> [TASK TO COMPLETE]: Please give back each line of the material unchanged, but without the images.

> [SUPPLIED DATA]:
^^^^^^^^

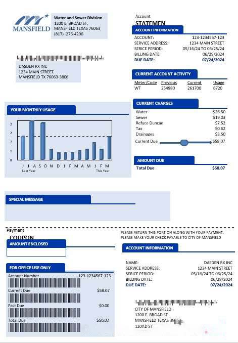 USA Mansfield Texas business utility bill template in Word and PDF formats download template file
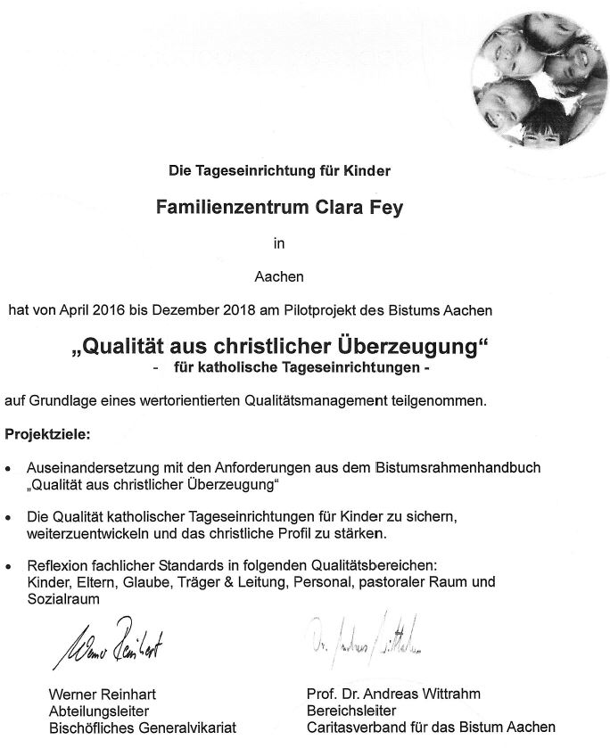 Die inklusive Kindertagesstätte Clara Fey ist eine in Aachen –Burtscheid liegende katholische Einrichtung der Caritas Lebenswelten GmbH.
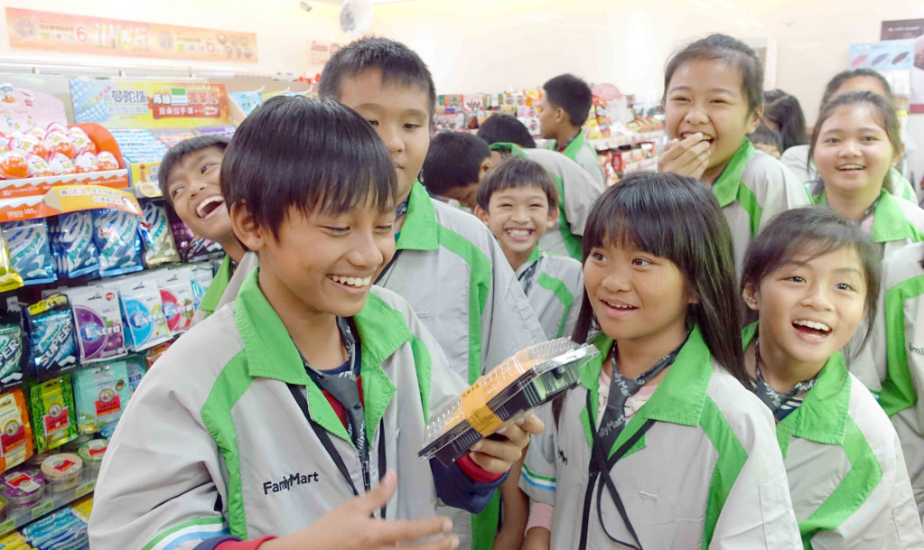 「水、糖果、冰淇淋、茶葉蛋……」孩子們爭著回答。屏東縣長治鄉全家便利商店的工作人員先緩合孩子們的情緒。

^^^^^^^^

> [SOLUTION TO THIS EXERCISE]:
 USA Mansfield Texas business utility bill template in Word and PDF formats download template file
 Die inklusive Kindertagesstätte Clara Fey ist eine in Aachen –Burtscheid liegende katholische Einrichtung der Caritas Lebenswelten GmbH.
 「水、糖果、冰淇淋、茶葉蛋……」孩子們爭著回答。屏東縣長治鄉全家便利商店的工作人員先緩合孩子們的情緒。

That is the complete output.